Pictures must not appear in the copy. Restate exactly the lines below from the one with "Depok, September 20, 2017.FMIPA" through the one with "我去了附近的铜锣湾,走进皇家", inclusive.
===
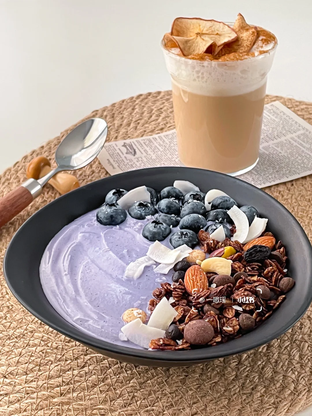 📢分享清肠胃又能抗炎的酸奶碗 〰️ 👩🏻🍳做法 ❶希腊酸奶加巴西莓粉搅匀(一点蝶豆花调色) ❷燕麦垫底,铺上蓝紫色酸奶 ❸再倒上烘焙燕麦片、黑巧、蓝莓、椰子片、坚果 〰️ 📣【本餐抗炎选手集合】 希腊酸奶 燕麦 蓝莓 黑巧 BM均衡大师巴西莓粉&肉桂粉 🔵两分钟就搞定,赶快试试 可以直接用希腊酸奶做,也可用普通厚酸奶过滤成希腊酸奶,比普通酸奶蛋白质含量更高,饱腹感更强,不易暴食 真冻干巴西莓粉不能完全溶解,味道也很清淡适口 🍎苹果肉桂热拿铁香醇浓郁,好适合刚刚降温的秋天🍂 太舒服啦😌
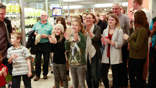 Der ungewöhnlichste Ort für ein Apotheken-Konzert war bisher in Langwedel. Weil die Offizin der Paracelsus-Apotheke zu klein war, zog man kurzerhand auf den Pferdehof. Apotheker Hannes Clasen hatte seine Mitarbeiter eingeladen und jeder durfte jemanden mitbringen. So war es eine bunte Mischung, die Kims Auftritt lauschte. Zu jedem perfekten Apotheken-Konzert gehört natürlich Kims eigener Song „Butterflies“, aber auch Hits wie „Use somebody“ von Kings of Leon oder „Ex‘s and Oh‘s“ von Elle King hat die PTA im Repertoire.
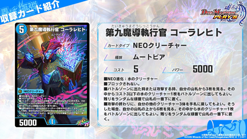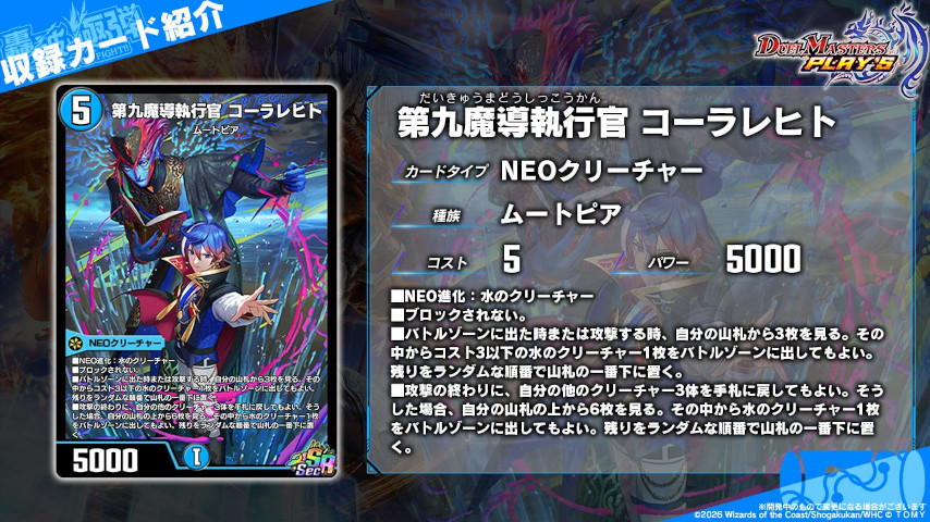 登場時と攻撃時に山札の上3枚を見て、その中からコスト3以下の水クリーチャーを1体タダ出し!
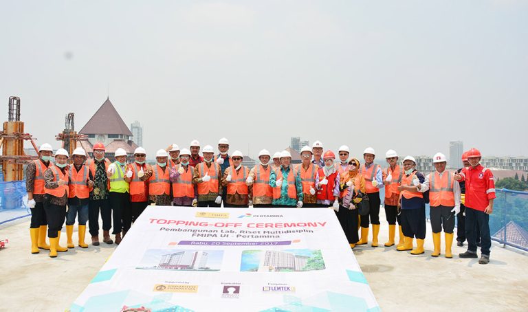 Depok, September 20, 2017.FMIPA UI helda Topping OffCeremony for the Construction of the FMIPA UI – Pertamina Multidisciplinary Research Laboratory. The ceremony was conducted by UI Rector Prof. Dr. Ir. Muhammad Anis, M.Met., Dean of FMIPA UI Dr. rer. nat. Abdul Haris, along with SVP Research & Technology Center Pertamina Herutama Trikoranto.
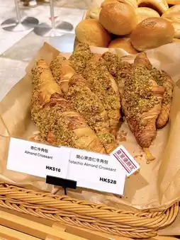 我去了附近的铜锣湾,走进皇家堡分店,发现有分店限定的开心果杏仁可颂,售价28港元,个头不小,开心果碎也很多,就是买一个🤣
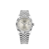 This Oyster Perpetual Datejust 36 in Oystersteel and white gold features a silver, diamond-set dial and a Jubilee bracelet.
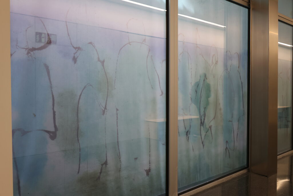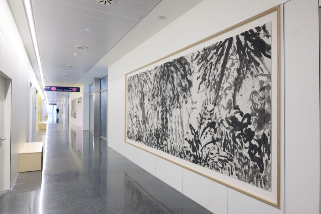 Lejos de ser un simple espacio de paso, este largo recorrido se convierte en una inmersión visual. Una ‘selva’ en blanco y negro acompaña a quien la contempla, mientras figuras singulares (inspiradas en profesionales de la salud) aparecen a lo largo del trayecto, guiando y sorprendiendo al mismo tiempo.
===
(SOLUTION BELOW)
 Depok, September 20, 2017.FMIPA UI helda Topping OffCeremony for the Construction of the FMIPA UI – Pertamina Multidisciplinary Research Laboratory. The ceremony was conducted by UI Rector Prof. Dr. Ir. Muhammad Anis, M.Met., Dean of FMIPA UI Dr. rer. nat. Abdul Haris, along with SVP Research & Technology Center Pertamina Herutama Trikoranto.
 我去了附近的铜锣湾,走进皇家堡分店,发现有分店限定的开心果杏仁可颂,售价28港元,个头不小,开心果碎也很多,就是买一个🤣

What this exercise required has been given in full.